This happened to be the same day that the Bank of England announced an increase in the base rate, by 0.25%, to 1%. The base rate has not been at 1% since 2009. Only as recently as December 2021 the base rate sat at 0.1%. The past six months have been busy for the Monetary Policy Committee (MPC) of the Bank of England with four rate changes though the books. There is however no sign of things easing off.
The MPC is responsible setting the base rate and decisions on achieving an inflation target, currently 2%. The Minutes of the MPC meeting on 4 May 2022 make for interesting reading. The current rate of inflation is 7% and the MPC anticipate it could rise to 10% by the end of the year (9% in Q2 2022 peaking at 10% by Q4 2022).
The MPC stated that "the majority of that further increase reflects higher household energy prices following the large rise in the Ofgem price cap in April and projected additional large increase in October…The expected rise in CPI inflation also reflects higher food, core goods and services prices."
The MPC also cited issues such as the "significant adverse impact of the sharp rises in global energy and tradable goods prices on most UK households’ real incomes and many UK companies’ profit margins."
With the cost of living at a 30 year high it is not surprising that the FCA used the Building Societies Annual Conference as an opportunity to reiterate their expectations. The FCA told Building Societies that they expect them to:
- Support consumers struggling with personal debt or showing signs of financial difficulty;
- Help consumers obtain advice they need;
- Help consumers avoid falling victims to scams or illegal money lending;
- Encourage borrowers to switch to less costly options, where available;
- Consider how those on fixed rate products can be assisted when rates expire and a sharp hike in prices can be anticipated;
- Engage early with consumers;
- Ensure borrowers are aware that they can get help;
- Train staff to identify and work with vulnerable customers;
- Ensure good outcomes by tailoring forbearance;
- Ensure that fair value is being provided to customers; and
- Help consumers avoid making investments based on misleading or unclear financial promotions.

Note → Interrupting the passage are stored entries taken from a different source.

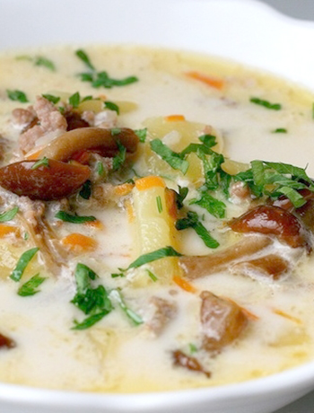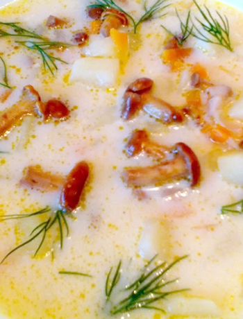 La soupe de girolles au fromage à la crème est une excellente option pour un plat délicat et parfumé pour toute la famille. Il ne devrait être consommé que sous forme chaude avec de l'aneth ou du persil hachés.
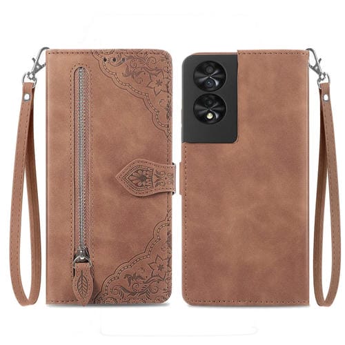 Funda de Cuero para TCL 40 Nxtpaper 4G con Cremallera y Flor En Relieve (Marrón)
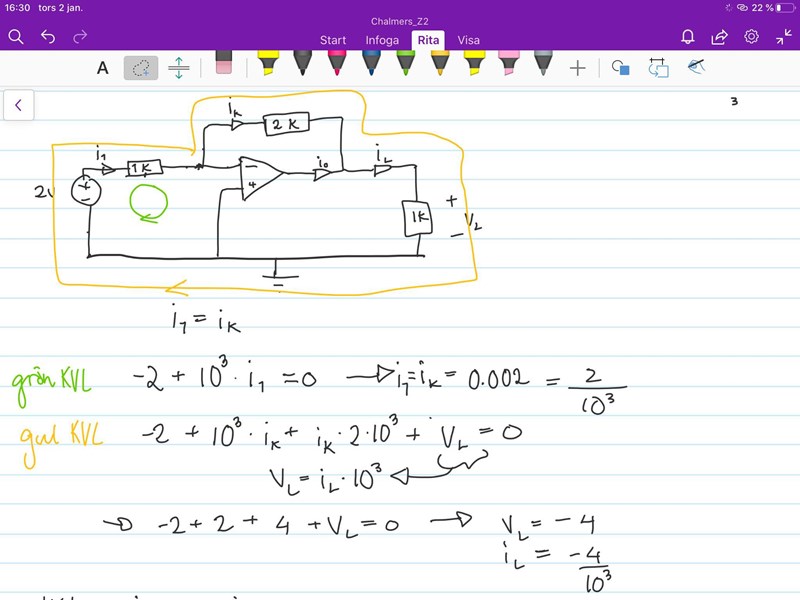 Hej jag har en uppgift som jag försökt lösa men får fel tecken på i(k) som istället ska vara -2mA. Jag har ritat upp kretsen nedan. Men alla mina andra värden värkar vara korrekta.
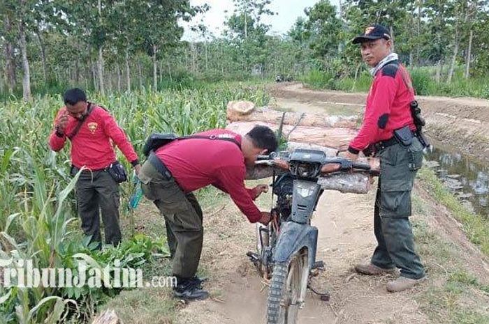 Akibatnya, pencuri kayu yang meninggalkan sepeda motor bututnya itu berhasil meloloskan.
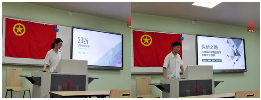分享会上,卢高鑫和李帅浩同志分别分享了自己成功获得免试研究生资格的亲身经历,介绍了夏令营信息获取、申请渠道、材料准备等注意事项。卢高鑫同志指出,提前确定目标专业才能有的放矢的开展准备工作,希望同学们能将个人的理想追求融入党和国家事业之中,成长为担当民族复兴大任的时代新人。李帅浩同志着重分享了面试技巧,他激励大家多寻找机会提升自己,并寄语同学们不要因自己暂时的失败而放弃自己。“保研是一场持久战,不到最后一刻不要放弃。�
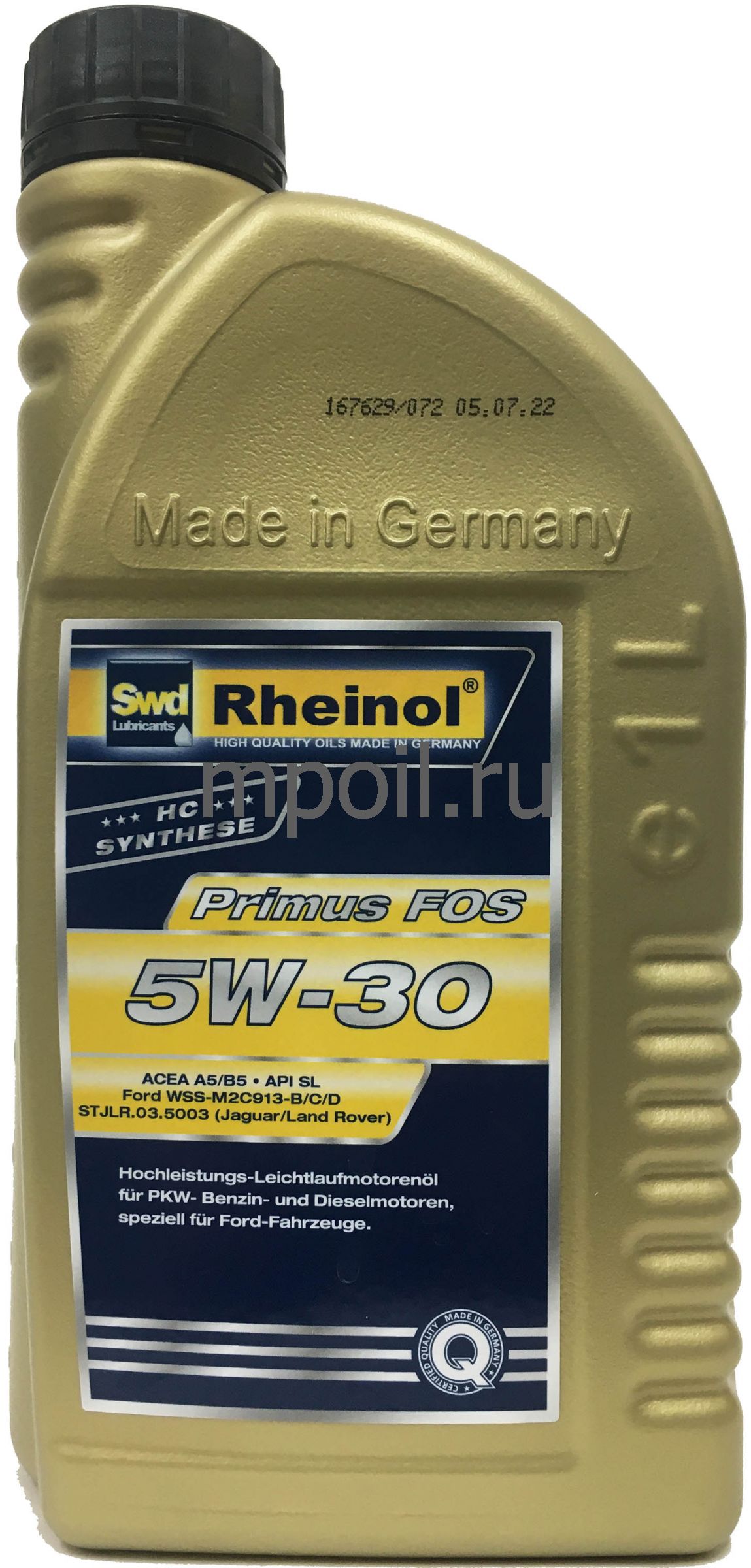 SwdRheinol Primus FOS 5W-30 - испытано в условиях самых экстремальных тепловых и механических нагрузок, которые могут возникнуть при эксплуатации двигателей современных автомобилей для которых предписано использование масел "Fuel Economy Oil". Рекомендуется для двигателей автомобилей марки "FORD".

Whilst this message was conveyed to Building Societies the FCA no doubt expects all financial services firms to take note. All of the items listed are things that firms should be doing on a daily basis as part of complying with the FCA Handbook.
However, if the Covid-19 Payment Deferrals are anything to go by, firms will need to ensure that they prioritise pre-arrears, collections and financial support functions. The volume of consumers getting in touch is set to rise and consumers will be looking for more contact options so that they can operate through their channel of choice. This comes at time with firms are reviewing customer journeys ahead of the Consumer Duty landing.
The only thing that seems to be certain is that the economic situation will continue to change in unexpected ways, and through all of this the FCA expect firms to support consumers and protect them from harm. All a lot easier said than done!